Crash severity was determined by driver report of the presence of intrusion into the occupant compartment of the vehicle and whether vehicle damage precluded driving the vehicle from the scene. The validity of survey responses was confirmed previously by comparison with on-site crash investigation reconstructions.18
Child occupants’ medical care was categorized as the highest level received (inpatient care, an emergency department visit without admission to the hospital, care in a physician’s office, other care, or no medical care received). Survey questions regarding injuries to children were designed to provide responses that were classified by body region and severity based on the Abbreviated Injury Scale score19 and have been previously validated for their ability to distinguish Abbreviated Injury Scale scores of 2 or higher from less severe injuries.20,21 In this study, a consequential injury (one likely to require medical attention) was any injury with an Abbreviated Injury Scale score of 2 or higher (concussions and more serious brain injuries, all internal organ injuries, spinal cord injuries, and extremity fractures) or facial lacerations. Minor injuries included all other lacerations, contusions, and abrasions.
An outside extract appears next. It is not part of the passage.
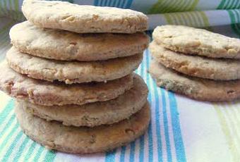 Lavorate le farine, i fiocchi d'avena, il bicarbonato e il burro. Unite lo zucchero, l'uovo e acqua quanto basta per ottenere una palla. Lasciate riposare per almeno 30 minuti in frigo. Stendete la pasta e tagliate con un taglia biscotti tondo con uno spessore di almeno 5 mm. Picchettateli con una forchetta e disponeteli su carta da forno. Cuocete a 180° per 15 minuti. Conservate in una scatola di latta.

Children and parents were classified as having ASD symptoms present when the responses were either “sometimes” or “often” to all of the ASD symptom questions (1-4), which is consistent with the Diagnostic and Statistical Manual of Mental Disorders, Fourth Edition diagnostic criteria of “marked” symptoms.17 Similarly, impairment in function was defined as responses of either “sometimes” or “often” to the impairment question (5).
The primary purpose of these analyses was to describe the prevalence of ASD symptoms in children and their driver parents in passenger vehicle crashes. Logistic regression modeling was used to compute the odds ratio (OR) of the presence of ASD symptoms in children and driver parents after adjusting simultaneously for demographic characteristics, crash severity, medical care received, and injury severity.
Because sampling was based on the likelihood of an injury, subjects least likely to be injured were underrepresented in the study sample in a manner potentially associated with the predictors of interest.22 To account for this potential bias, case weights equal to the inverse of the probability of selection were used to account for the oversampling of crashes in which an injury to a child likely occurred. To adjust inference to account for the disproportional sampling of subjects by medical treatment and clustering of subjects by vehicle, robust χ2 tests of association and Taylor Series linearization estimates of the logistic regression parameter variances were calculated using SAS-callable SUDAAN Software for the Statistical Analysis of Correlated Data, Version 8.0 (Research Triangle Institute, Research Triangle Park, NC).
This analysis is restricted to the 1091 crashes involving 1483 children aged 5 through 15 years in whom traumatic stress symptoms were assessed, weighted to represent 24 376 children in 18 422 crashes. Study participant characteristics are presented in Table 1. While the study population, insured drivers, varied as expected from the general US population (fewer minorities, higher income, higher education level), the study population nonetheless demonstrates a broad demographic base. Data collection occurred around the terrorist attacks of September 11, 2001, which affected states included in the study population (New York, Pennsylvania, and Washington, DC). Since the prevalence of ASD symptoms did not demonstrate statistically significant differences for crashes occurring before or after these events (children, 1.8% vs 1.5%; parents, 4.4% vs 3.9%), data across the full span of the collection period were analyzed together.
The prevalence of ASD symptoms was 1.6% (95% confidence interval [CI], 0.9%-2.3%) for children and 4.7% (95% CI, 4.0%-5.5%) for parents. Impairment from these symptoms was reported for 81.2% (95% CI, 62.1%-100.0%) of affected children and 75.5% (95% CI, 60.2%-90.8%) of affected parents. Our results suggest that for every 1000 children involved in crashes, 13 children and 35 parent drivers will have functional impairment from ASD symptoms.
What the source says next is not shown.